Language ability is often impaired in children with autism spectrum disorder (ASD). Language ability in the
preschool years is a powerful predictor of outcomes. In these early years, parents are a primary source of early language.
It is therefore crucial to study the language input that parents of children with ASD provide and children's abilities to
comprehend and learn from that input. In the current proposal, we study how preschoolers with ASD and typically-
developing (TD) peers assign meaning to the language they hear, and how parental language input supports these efforts.

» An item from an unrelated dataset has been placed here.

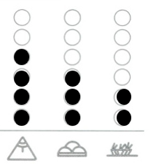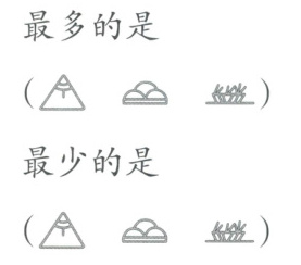 (1)观察插图1,数出各图标数量:⚡有4个,⛺有3个,?有2个。在插图2对应位置涂色(⚡涂4个○,⛺涂3个○,?涂2个○)。最多的是⚡,最少的是?。(2)按颜色数,红色图标有2个,黄色有3个,蓝色有4个。

More specifically, our goal is to understand how children learn the meanings of new words. We focus on verbs
because the sentence contexts in which unfamiliar verbs are heard provide helpful information for TD children to acquire
their meaning. However, we know little about what kinds of sentence contexts are most useful in ASD, or about what
kinds of contexts parents provide in their own speech. To pursue this issue, we present children with unfamiliar words
either in carefully constructed linguistic contexts, varying how informative and easy-to-process they are, as well as the
number of repetitions of each context (Study 1) or unscripted sentence contexts produced by their own parent (Study 2).
We use eye-tracking measures to assess how children understand the contexts and assign the words a meaning.
This research will shed light on the mechanisms underlying language learning in ASD and in TD and will support
the development of effective language interventions, including parent-based interventions.